A las once
Voy caminando por la calle, por una de esas avenidas del centro de Madrid. Se oyen sirenas, coches, gente al teléfono, voces lejanas, timbres de móviles que suenan y un pitido muy familiar que no logro descifrar. Salía del hospital, ese hospital en el que “se ruega silencio” y en el que nunca lo hay. Enfermeras que hablan a voces. Los visitantes de los enfermos salen de las habitaciones a los pasillos y hablan, fuerte, como si estuvieran en un bar. Y menos mal que ya no se puede fumar, si no estaría aquello con una nube de humo, con grupos de gente en corro, no murmullos, sino algazaras. Ríen, bromean y fuman… Les falta la copa en la mano, como en la taberna del barrio.
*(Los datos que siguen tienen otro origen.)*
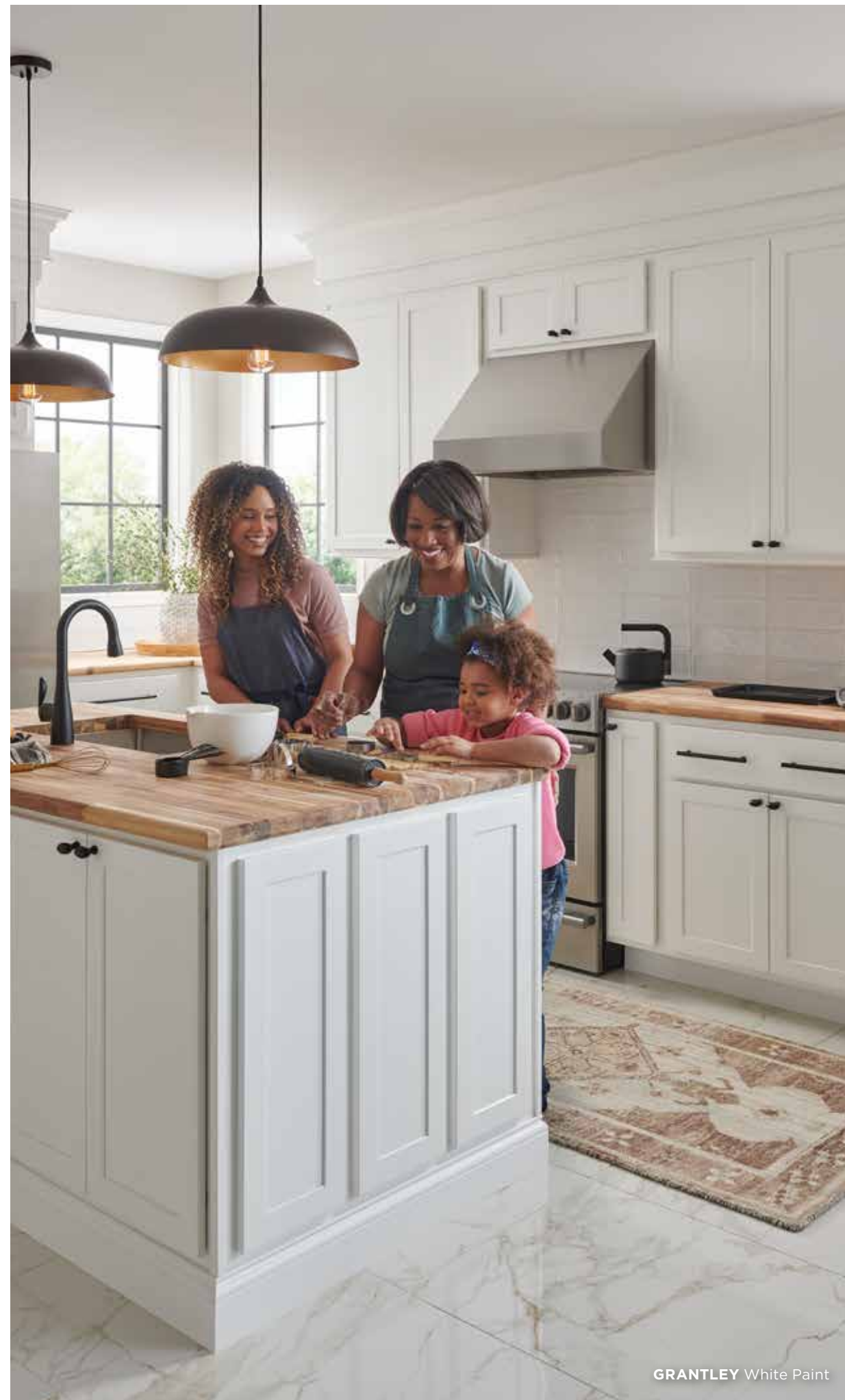
GRANTLEY White Paint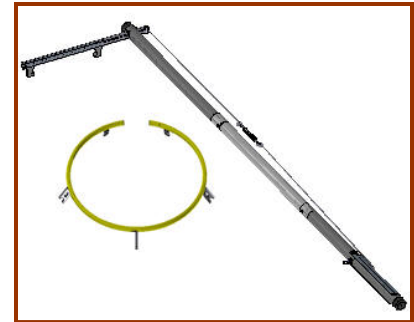
The Home Court Advantage

The start of March signals the beginning of AAU Basketball Tournaments and the beginning of what should be a very successful and busy season for Competitor's Edge. For more information or to place an order online, please visit www.CompetitorsEdge.Net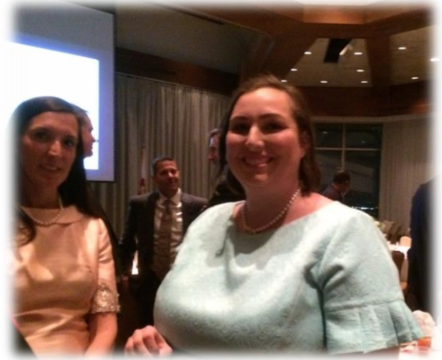
Another clue, she is President of an AFRW club.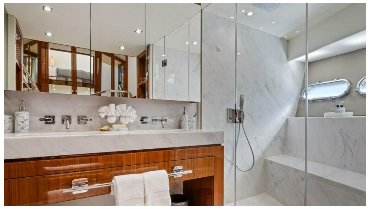
S-CAPE 95' Sunseeker 2017/2022 Master Ensuite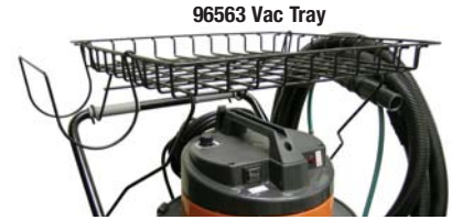
96563 Vac Tray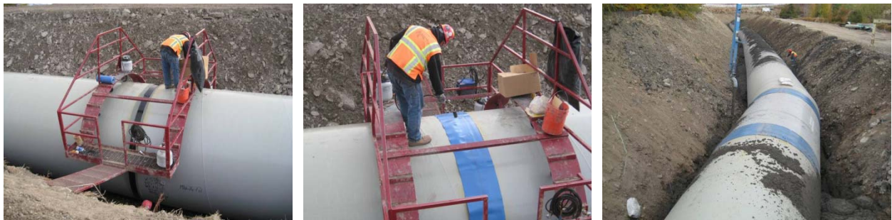
Figures 5 a, b, c: Heat-shrink Sleeve Application, per AWWA C216

For internal joint completion, C222 requires joint surface preparation to be the same as that used when shop-applying polyurethane on the pipe. Material application on a joint is also held to the same standard as shop-coated and lined pipe. Following joint completion, DFT, adhesion and holiday testing are applied to ensure quality control. The PRCEP specifications required that internal joint completion be performed by qualified applicators who had done at least 3 similar projects within the past 3 years, using the same coating system. The PRCEP also provided added guidelines on external joint completion using heat-shrink sleeves, per AWWA C216, and also to facilitate weld-after-backfill. Figure 5a shows heat-shrink sleeve application preparation, figure 5b shows heat being applied to a sleeve with a torch, and figure 5c shows pipe with completed joints being backfilled in the trench.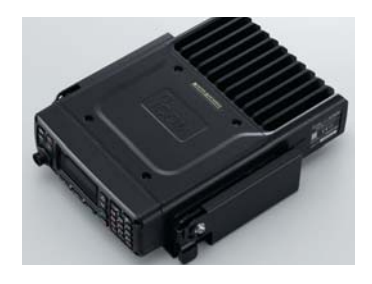
IC-F8101 with optional MB-126.

The IC-F8101 has a durable, enclosed structure securely sealed from intrusion by all potential elements, and is a visibly compact package. The IC-F8101 and the CFU-F8100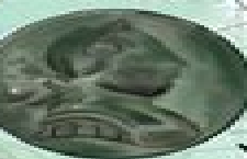
Counterfeit George III halfpenny 1770-1806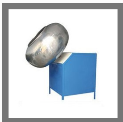
Namkeen Coating Mixing Machine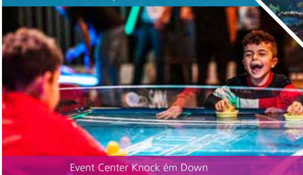
Event Center Knock ém Down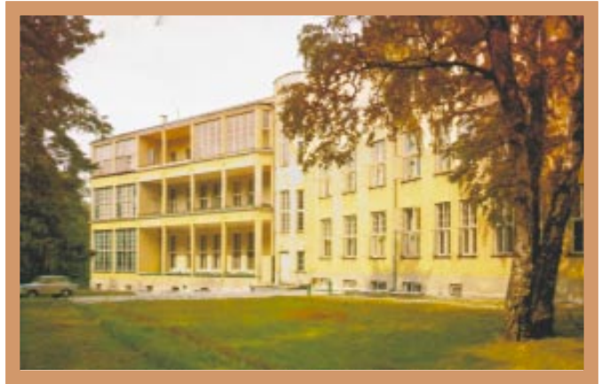
■ Sanatorium (resort), c. 1990 6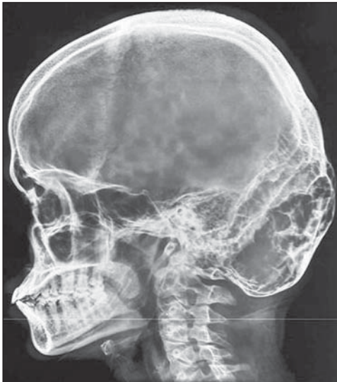
Figure 1. Lateral X-ray of the skull, showing a large, ill-defined, well-demarcated, expansile, multiloculated osteolytic lesion in the occipital bone.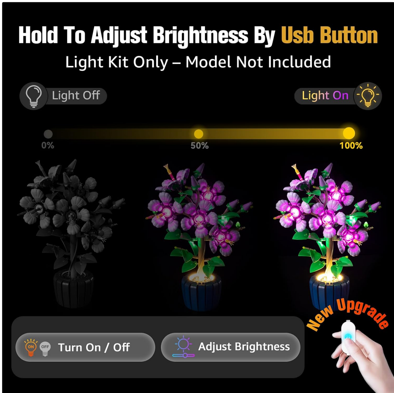
Image 5.1: Illustration of the one-touch dimming switch for brightness control.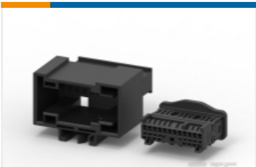
TE Part #2309644-1 MQS, CONNECTOR HOUSING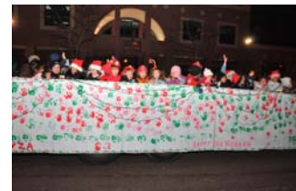
Lights of December Float

Next Meeting—Monday, January 12th 6:30 PM in the art room, childcare, snacks and translation provided.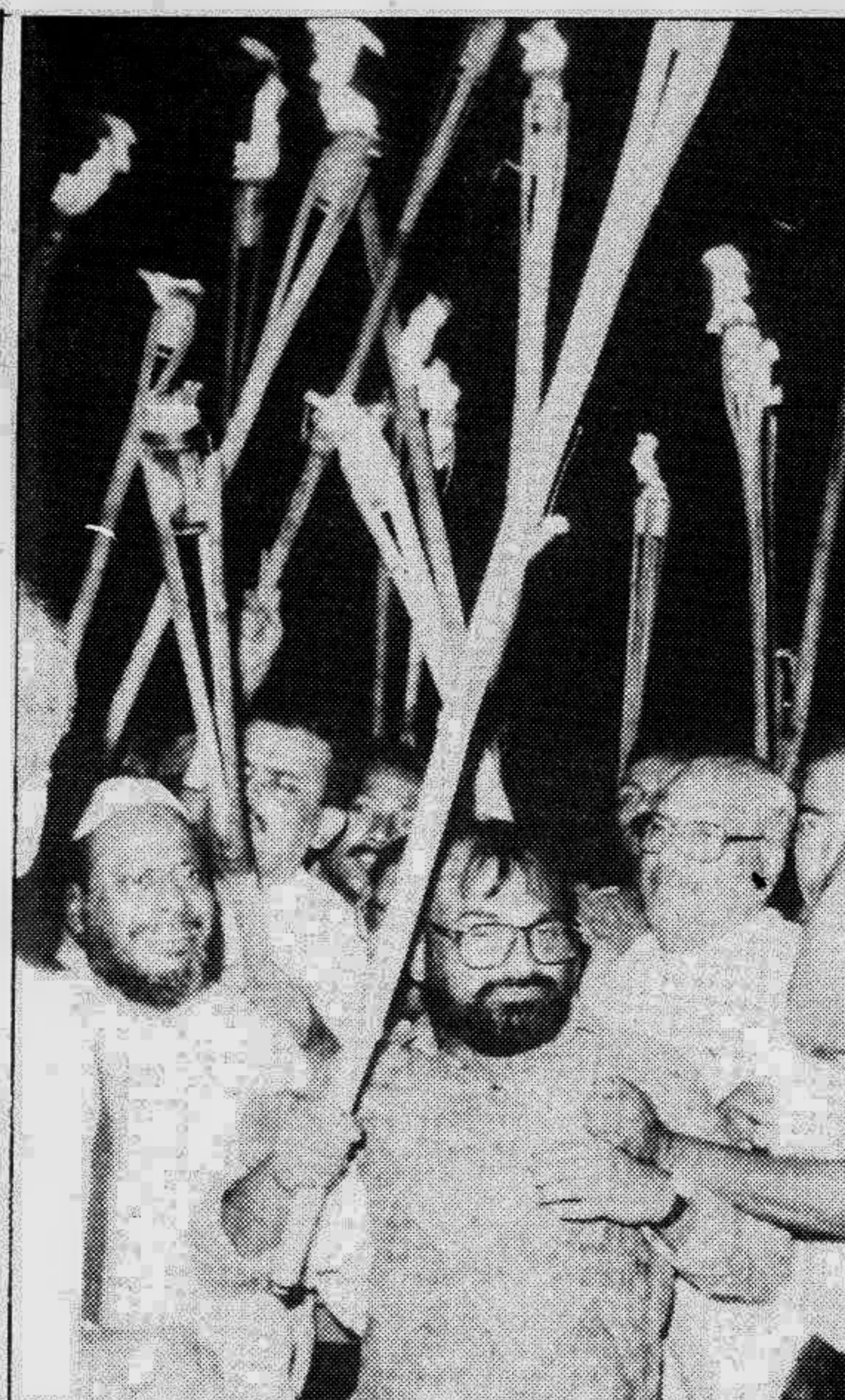
BNP brought out a torch procession in the city yesterday in support of today's hartal.

It also reviewed the progress of earlier decisions on the BSC, the Maritime Marine Department and the Bangladesh Inland Water Transport Authority (BIWTA).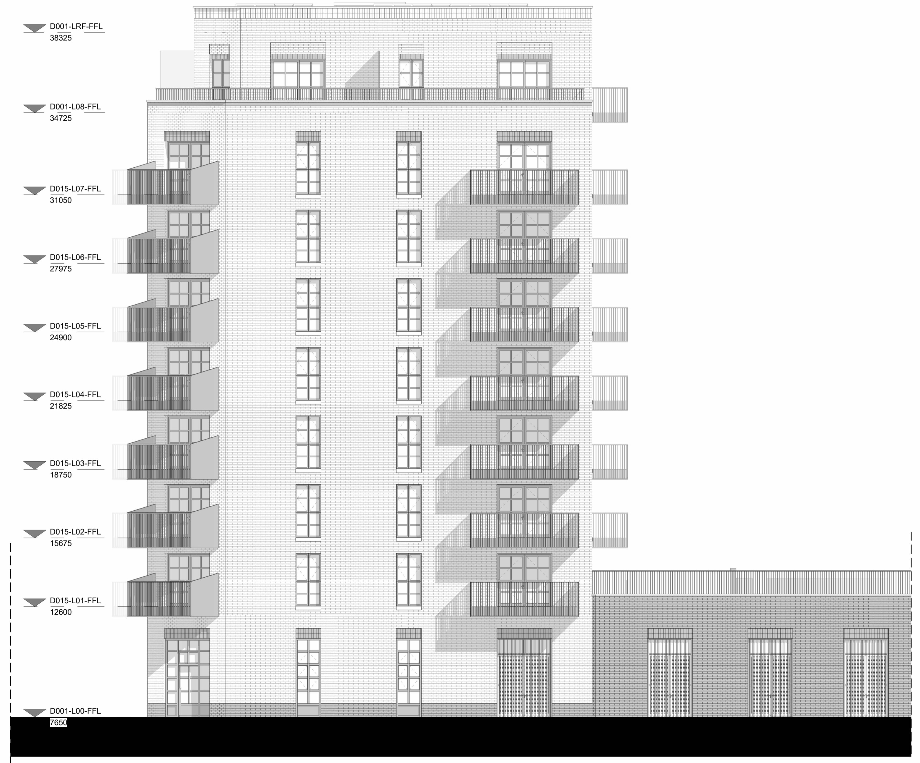
Proposed D1 North East Elevation 1 : 100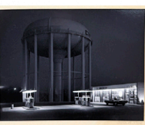
1048) George Tice Iconic Photograph Petit's Mobil Station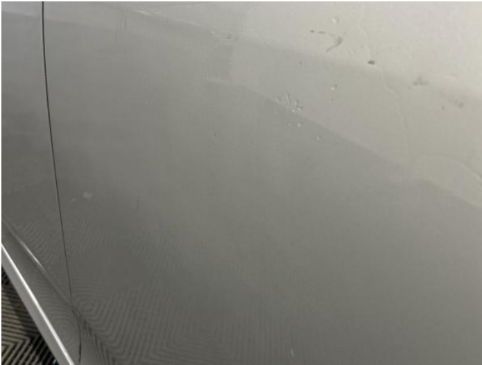
9: Door nsr Poor Previous Repair Poor Paint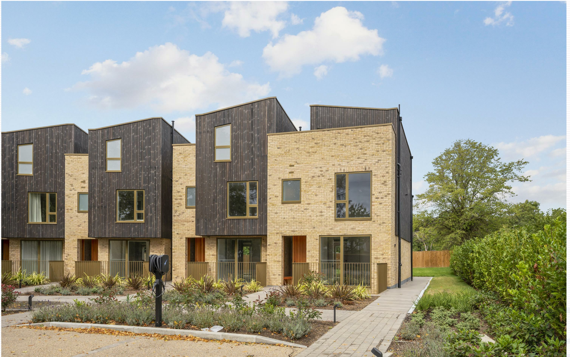
Coombe Lane, West Wimbledon, SW20 0RW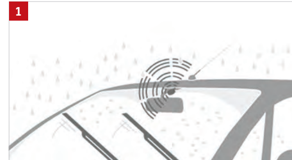
1 | RAIN SENSOR Automatically controls the wind screen wipers in its wiping speed depending on rain condition. Part No. 990E0-65J81-035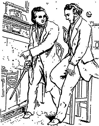
HOW THE FIRE GOES OUT.

"He was wounded for our transgressions, He was bruised for our iniquities."—Isaiah liii. 5.

Las puertas entreabiertas de las habitaciones dejan salir el murmullo de las televisiones, de conversaciones telefónicas que ya no son privadas, ya no cuidan de que no se les oiga. Algunos hasta elevan sus voces, gritan, incluso braman y bufan al teléfono. ¿Con quién hablarán? Si esperáramos un poco o deceleráramos nuestro paso al caminar junto a esas puertas que brindan paso a la privacidad de sus moradores, lo sabríamos. Ya no se atesoran ni el recato ni la cohibición de antaño.
Sigue el pitido, ¿qué será? Cruzo la calle y sigue. Otra ambulancia, sirenas. Un coche de bomberos pasa a mi vera lanzando al viento, también, su parte. Y miro, oteo y veo. Al otro lado de la calle… una luz parpadeante, una caja amarilla en la fachada de un edificio sobre el escaparate de una tienda… La alarma, ¡claro! Pero nadie acude. Todos pasamos por delante sin identificar ya el sonido. ¡Son tantos que no los escuchamos! Y camino y sigo. Vocerío, ruido y algarabía… Madrid a las once de la noche.